I have an index whose documents have two fields (actually more like 800 fields but the other fields won't concern us here):
- The
contents
field contains the analyzed/tokenized text of the document. The query string is searched for in this field. - The
category
field contains the single category identifier of the document. There are about 2500 different categories, and a document may occur in several of them (i.e. a document may have multiplecategory
entries. The results are filtered by this field.
The index contains about 20 mio. documents and is 5 GB in size.
The index is queried with a user-provided query string, plus an optional set of a few categories the user is not interested in. The question is: how can I remove those documents matching not only the query string but also the unwanted categories.

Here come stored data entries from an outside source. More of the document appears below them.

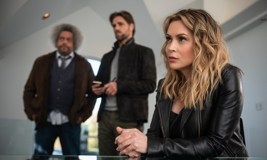 Brazen. (L-R) Malachi Weir as Ben, Alyssa Milano as Grace, Sam Page as Ed in Brazen. Cr. Sergei Bachlakov/Netflix © 2021
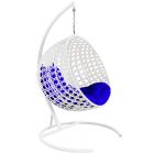МГКШЛР-11-10 Подвесное кресло КРУГ ЛЮКС с ротангом белое, синяя подушка
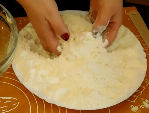 - Для приготування королівської ватрушки з сиром з якісного пісочного тіста, важливо досягти тієї «золотої середини», коли воно має розсипчастою структурою, але піддається ліпленню.
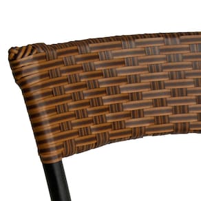 O acabamento externo é feito em fibra sintética tramada artesanalmente, com tratamento anti-UV, o que permite seu uso tanto em ambientes internos quanto externos, inclusive exposta ao sol.
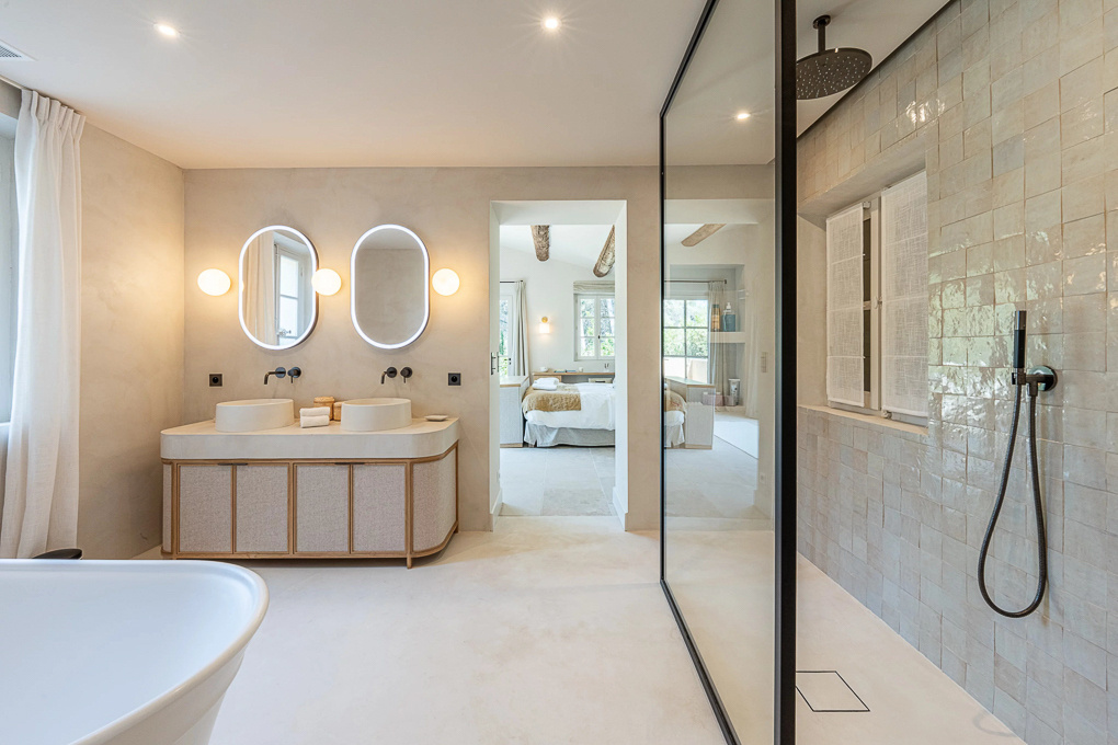 Majestueux mas provençal d’env. 350 m2 habitables sur 2 niveaux aux prestations haut de gamme avec vue panoramique sur le jardin luxuriant et les Alpilles.
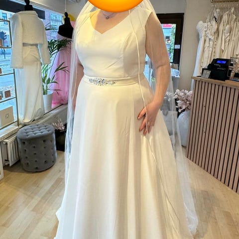 Selger en enkel og nydelig brudekjole selges. Kjolen er pent brukt en gang.

I could use a BooleanQuery
with a MUST_NOT
clause, i.e. something like this:
BooleanQuery q = new BooleanQuery();
q.add(contentQuery, BooleanClause.MUST);
for (String unwanted: unwantedCategories) {
q.add(new TermsQuery(new Term("category", unwanted), BooleanClause.MUST_NOT);
}
Is there a way to do this with Lucene filters? Performance is an issue here, and there will only be a few, recurring, variants of unwantedCategories
, so a CachingWrapperFilter
would probably help a lot. Also, due to the way the Lucene queries are generated in the existing code base, it is difficult to fit this in, whereas an extra Filter
could be introduced easily.
In other words, How do I create a Filter
based on what terms must _not_ occur in a document?